__To do__
Restate the whole of the data below word for word, skipping the images.

[Stored items]
□ □ □ □ □ □ □
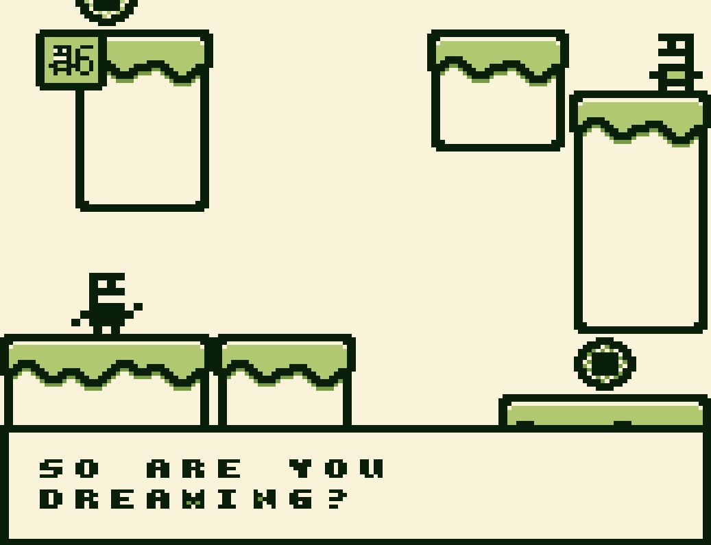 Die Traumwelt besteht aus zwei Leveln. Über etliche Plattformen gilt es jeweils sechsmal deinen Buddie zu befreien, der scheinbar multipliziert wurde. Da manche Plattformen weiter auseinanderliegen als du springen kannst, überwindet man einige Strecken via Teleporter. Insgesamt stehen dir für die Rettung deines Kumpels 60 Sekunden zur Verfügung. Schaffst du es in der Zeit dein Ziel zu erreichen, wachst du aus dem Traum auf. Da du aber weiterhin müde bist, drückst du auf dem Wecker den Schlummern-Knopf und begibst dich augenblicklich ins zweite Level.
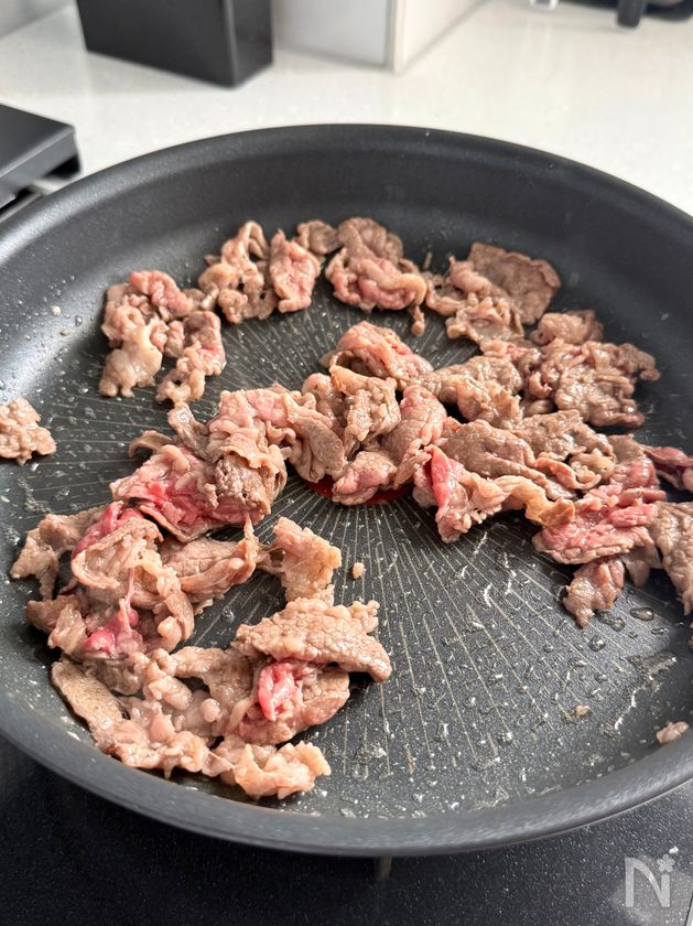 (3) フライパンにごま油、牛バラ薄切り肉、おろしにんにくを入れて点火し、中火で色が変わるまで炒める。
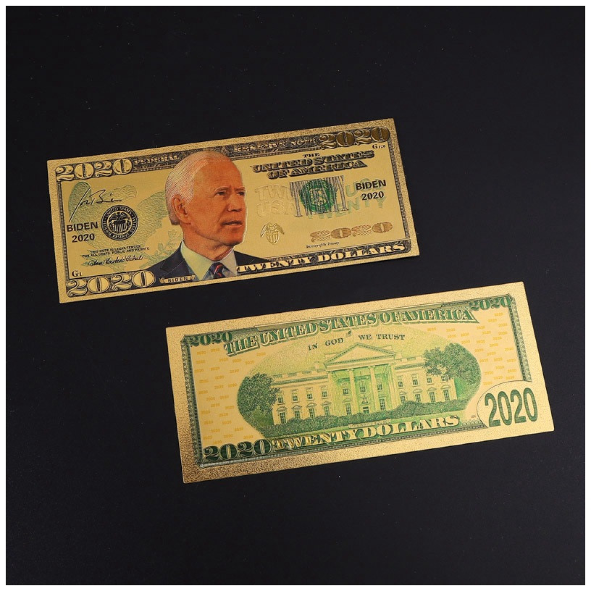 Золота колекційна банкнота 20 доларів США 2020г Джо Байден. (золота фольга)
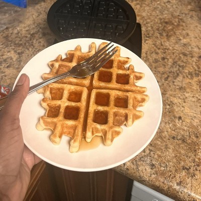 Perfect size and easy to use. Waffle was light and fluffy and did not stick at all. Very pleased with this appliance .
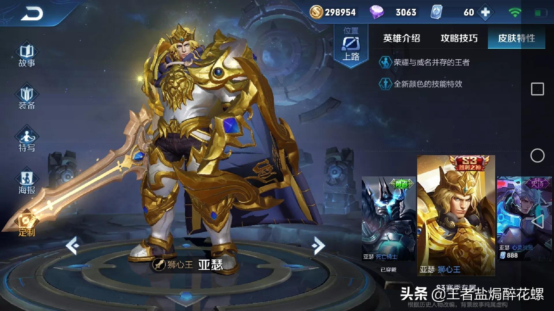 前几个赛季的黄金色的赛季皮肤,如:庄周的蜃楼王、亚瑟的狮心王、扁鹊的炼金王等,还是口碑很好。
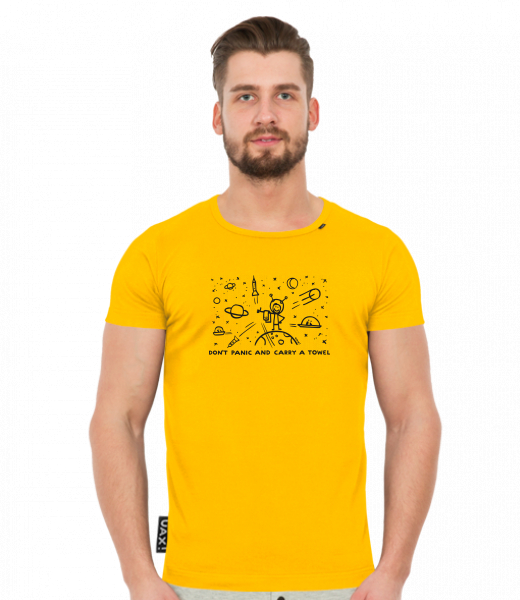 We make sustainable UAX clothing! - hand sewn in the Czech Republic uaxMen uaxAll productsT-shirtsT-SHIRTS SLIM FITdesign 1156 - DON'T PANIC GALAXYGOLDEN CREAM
□ □ □ □ □ □ □
__Written response__
 Die Traumwelt besteht aus zwei Leveln. Über etliche Plattformen gilt es jeweils sechsmal deinen Buddie zu befreien, der scheinbar multipliziert wurde. Da manche Plattformen weiter auseinanderliegen als du springen kannst, überwindet man einige Strecken via Teleporter. Insgesamt stehen dir für die Rettung deines Kumpels 60 Sekunden zur Verfügung. Schaffst du es in der Zeit dein Ziel zu erreichen, wachst du aus dem Traum auf. Da du aber weiterhin müde bist, drückst du auf dem Wecker den Schlummern-Knopf und begibst dich augenblicklich ins zweite Level.
 (3) フライパンにごま油、牛バラ薄切り肉、おろしにんにくを入れて点火し、中火で色が変わるまで炒める。
 Золота колекційна банкнота 20 доларів США 2020г Джо Байден. (золота фольга)
 Perfect size and easy to use. Waffle was light and fluffy and did not stick at all. Very pleased with this appliance .
 前几个赛季的黄金色的赛季皮肤,如:庄周的蜃楼王、亚瑟的狮心王、扁鹊的炼金王等,还是口碑很好。
 We make sustainable UAX clothing! - hand sewn in the Czech Republic uaxMen uaxAll productsT-shirtsT-SHIRTS SLIM FITdesign 1156 - DON'T PANIC GALAXYGOLDEN CREAM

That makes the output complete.